Em Carta Régia de 7 de Junho de 1759, a jurisdição das terras é atribuída pelo rei D. José I ao seu Primeiro-ministro Sebastião José de Carvalho e Melo, mais conhecido por Marquês de Pombal, que se tornou o primeiro Conde da vila de Oeiras.

Decorrido um mês após a elevação a vila, é constituído o concelho em Carta Régia de 13 de Julho de 1759.

Foi durante a jurisdição do Marquês de Pombal que Oeiras conheceu um desenvolvimento a nível económico e social, ao apostar na inovação e no aproveitamento das condições fornecidas pelo estuário do Tejo.



Em 1770, ordenou a realização da primeira feira agrícola e industrial realizada em Portugal. Apesar desta feira ter permitido um destaque a nível nacional, a sua obra municipal passa igualmente pela criação de um porto de abrigo para pescadores, uma alfândega e feitoria, entre outras obras.



Uma das principais heranças desta época é a Quinta do Marquês de Pombal, que se encontra praticamente na forma original com os jardins, o palácio, as dependências agrícolas (adega e o celeiro), e ainda a parte da exploração agrícola que veio a constituir uma estação agrícola experimental onde hoje se situam alguns dos mais importantes institutos portugueses na área das Bio-Ciências (Estação Agronómica Nacional).



No século XIX a actividade agrícola entra em declínio, paralelamente ao aparecimento de novas indústrias e da inauguração em 1889, da linha de caminho-de-ferro Lisboa-Cascais, com o comboio a vapor.

Surgem as grandes unidades fabris sendo as mais importantes nesta época a Fábrica do Papel, a Fundição de Oeiras, a Lusalite e os Fermentos Holandeses.



Entre os séculos XIX e XX crescem também as actividades de lazer, e Oeiras torna-se num local privilegiado de "banhos" para a elite portuguesa. Assim, no princípio do século XX, as praias da linha eram muito frequentadas, especialmente pelas classes sociais mais altas, que aqui se dirigiam por indicação médica, já que se considerava que o ar e a água das praias do concelho tinham efeitos medicinais.



Com a construção da Estrada Marginal, ligando Lisboa a Cascais, e a disponibilidade dos novos meios de transporte, acentua-se a dinâmica balnear e turística de cariz mais popular.

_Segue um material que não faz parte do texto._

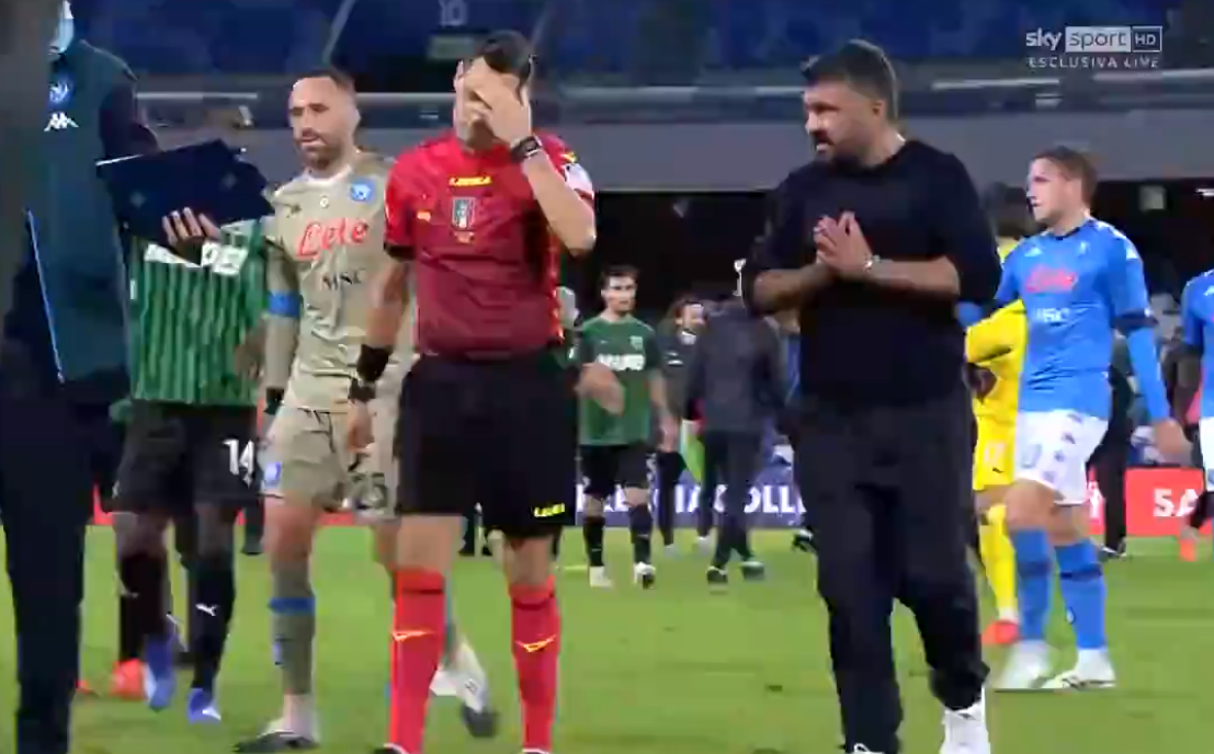 Il Napoli di Gattuso perde la sua prima partita casalinga. Il tecnico non ha compreso la scelta dell’arbitro Mariani di non concedere il rigore per la trattenuta ai danni di Osimhen.

Até aos anos 80 entra-se numa fase de dependência e ausência de perspectivas, altura em que a Câmara Municipal toma medidas de modo a contrariar esta tendência. A partir de então o município constituiu-se como pólo económico autónomo na Área Metropolitana de Lisboa, apostando no desenvolvimento de actividades terciárias ligadas à Ciência e Investigação e às Tecnologias de Informação e Comunicação.

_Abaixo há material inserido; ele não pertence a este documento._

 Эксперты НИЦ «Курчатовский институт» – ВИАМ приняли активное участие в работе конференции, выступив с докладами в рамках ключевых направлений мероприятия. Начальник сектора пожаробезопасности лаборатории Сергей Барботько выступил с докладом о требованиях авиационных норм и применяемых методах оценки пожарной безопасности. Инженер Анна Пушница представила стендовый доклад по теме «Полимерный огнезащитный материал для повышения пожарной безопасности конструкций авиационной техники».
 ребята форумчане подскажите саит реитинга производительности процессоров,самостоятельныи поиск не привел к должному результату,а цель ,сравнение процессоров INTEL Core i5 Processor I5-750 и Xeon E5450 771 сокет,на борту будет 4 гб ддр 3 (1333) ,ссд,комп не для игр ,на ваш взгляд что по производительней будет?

Actualmente o concelho assume-se como a sede de importantes empresas ligadas às novas tecnologias (são exemplo disso o TagusPark e o LagoasPark) e à prestação de serviços.



Oeiras é um dos concelhos mais desenvolvidos. No seu território encontram-se instaladas muitas multinacionais.

O concelho concentra ainda cerca de 30% da capacidade científica do país, sendo um dos principais pólos de I&D da Europa.

Neste momento o Grupo 230, é o único Grupo da AEP que está no Concelho de Oeiras.

 Este trabalho de pesquisa, foi realizado pelo Escoteiro-Chefe de Grupo, António Jorge Barros Cardoso, do Grupo 230 de Caxias, da Associação dos Escoteiros de Portugal.